Write out again, unchanged, the line that has "Traditional: Item #11257" and each following line through the end of the entries below; leave pictures out.

Excerpts from a dataset
Start of Block

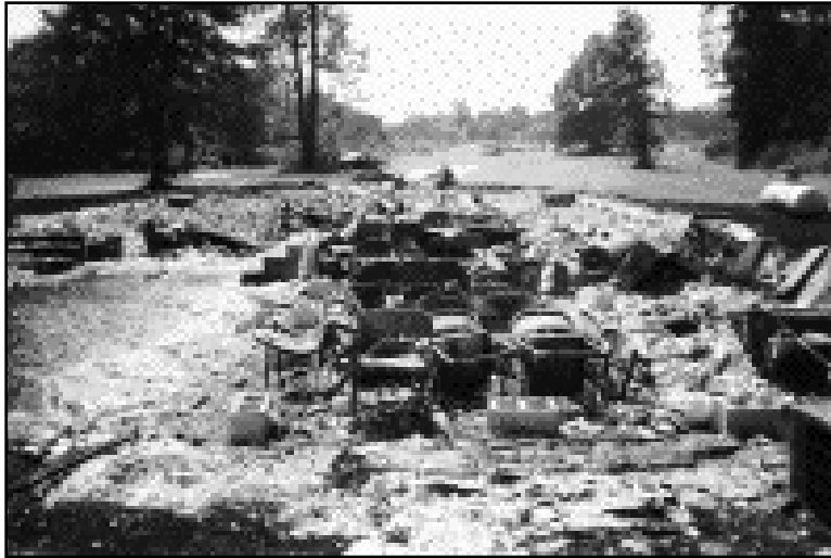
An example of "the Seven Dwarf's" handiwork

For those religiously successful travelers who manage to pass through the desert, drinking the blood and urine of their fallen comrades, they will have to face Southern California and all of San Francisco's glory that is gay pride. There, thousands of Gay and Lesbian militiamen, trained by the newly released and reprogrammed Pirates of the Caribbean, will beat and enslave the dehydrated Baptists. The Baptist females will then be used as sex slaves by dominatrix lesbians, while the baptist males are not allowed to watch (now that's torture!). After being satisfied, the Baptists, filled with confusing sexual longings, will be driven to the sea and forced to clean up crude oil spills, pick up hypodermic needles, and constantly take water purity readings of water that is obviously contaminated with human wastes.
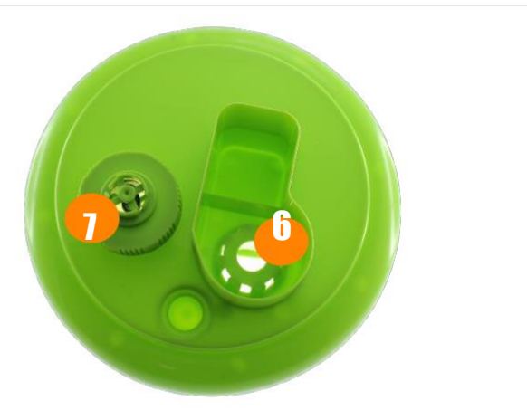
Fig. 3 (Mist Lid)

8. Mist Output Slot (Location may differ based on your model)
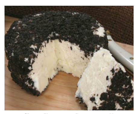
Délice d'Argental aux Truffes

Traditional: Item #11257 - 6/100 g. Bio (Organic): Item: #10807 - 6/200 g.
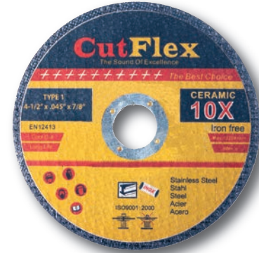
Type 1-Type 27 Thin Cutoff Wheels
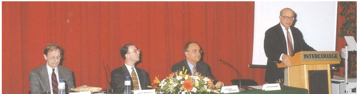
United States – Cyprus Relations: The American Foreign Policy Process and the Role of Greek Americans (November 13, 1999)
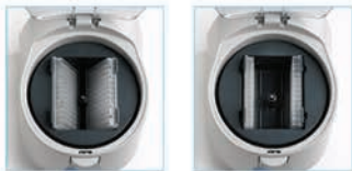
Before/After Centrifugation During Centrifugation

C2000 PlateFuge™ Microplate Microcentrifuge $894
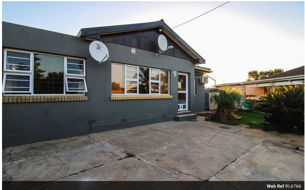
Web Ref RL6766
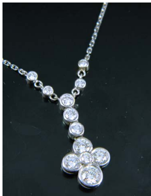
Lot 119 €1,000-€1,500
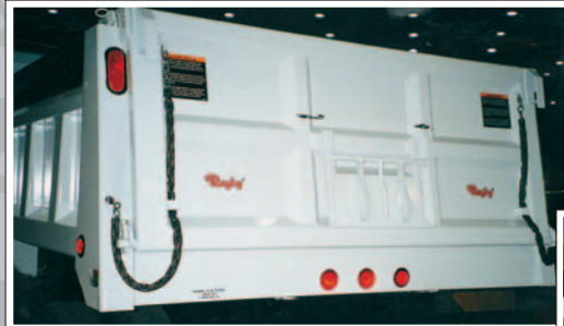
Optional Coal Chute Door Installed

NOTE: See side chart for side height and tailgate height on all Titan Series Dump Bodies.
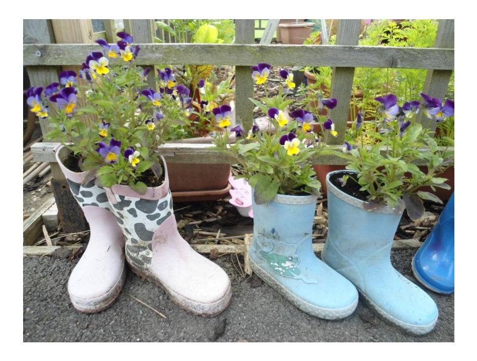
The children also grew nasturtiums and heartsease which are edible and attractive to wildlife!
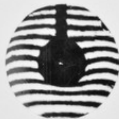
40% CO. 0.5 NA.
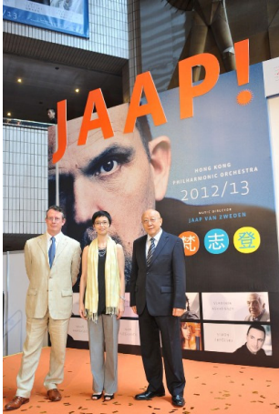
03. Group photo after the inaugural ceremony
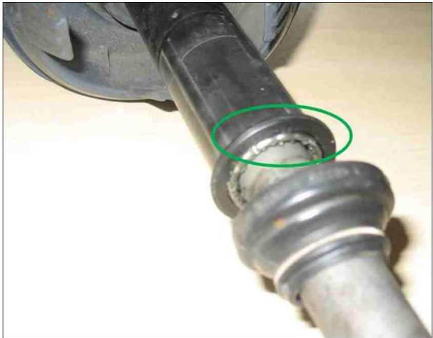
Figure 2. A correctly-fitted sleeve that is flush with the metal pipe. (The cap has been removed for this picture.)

End of Block

**Exercise response**
Traditional: Item #11257 - 6/100 g. Bio (Organic): Item: #10807 - 6/200 g.
Type 1-Type 27 Thin Cutoff Wheels
United States – Cyprus Relations: The American Foreign Policy Process and the Role of Greek Americans (November 13, 1999)
Before/After Centrifugation During Centrifugation

C2000 PlateFuge™ Microplate Microcentrifuge $894
Web Ref RL6766
Lot 119 €1,000-€1,500
Optional Coal Chute Door Installed

NOTE: See side chart for side height and tailgate height on all Titan Series Dump Bodies.
The children also grew nasturtiums and heartsease which are edible and attractive to wildlife!
40% CO. 0.5 NA.
03. Group photo after the inaugural ceremony
Figure 2. A correctly-fitted sleeve that is flush with the metal pipe. (The cap has been removed for this picture.)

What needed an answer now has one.